The Task Force for International Cooperation on Holocaust Education, Remembrance and Research – called ITF by its 24 member nations – will house its permanent adminstrative office in Berlin, it was announced in a festive ceremony Tuesday at the Foreign Ministry in Berlin.

Partners in this international program pledged to ensure that educational programs meet the challenge of transmitting the facts and lessons about this history to a new generation of youth who will not have the chance to speak with eyewitnesses.

German Foreign Minister Frank-Walter Steinmeier told some 300 guests that Germany’s task, as the land of the perpetrators, was to help ensure “that remembrance not slip further away, not become more abstract or disappear behind the veil of history.”

The ITF was founded in 1998 to promote Holocaust educational programs and memorials throughout Europe and beyond. Since 2002 it has funded 180 projects. The Czech Republic on Wednesday will hand over the rotating presidency to Austria.

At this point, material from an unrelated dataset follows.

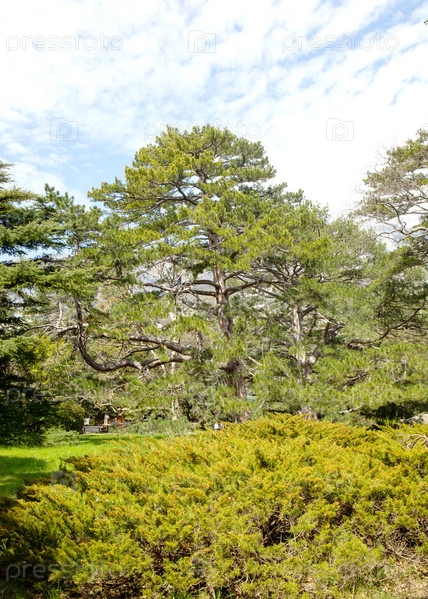 Красивые деревья весной на южном берегу Крыма в Ялте

Kathrin Meyer, the new director of the administrative office, told JTA that she hoped the ITF in 10 years would be “stronger, with more members, beyond Europe.

”The biggest current challenge is the ‘change of generations.’ I am talking about survivors and rescuers and eyewitnesses,” she said, “but also about the generation of educators, of historians.”

Speakers included Jan Kohout, the ITF president and deputy foreign minister of the Czech Republic, and Avner Shalev, the director of the Yad Vashem Holocaust memorial in Jerusalem.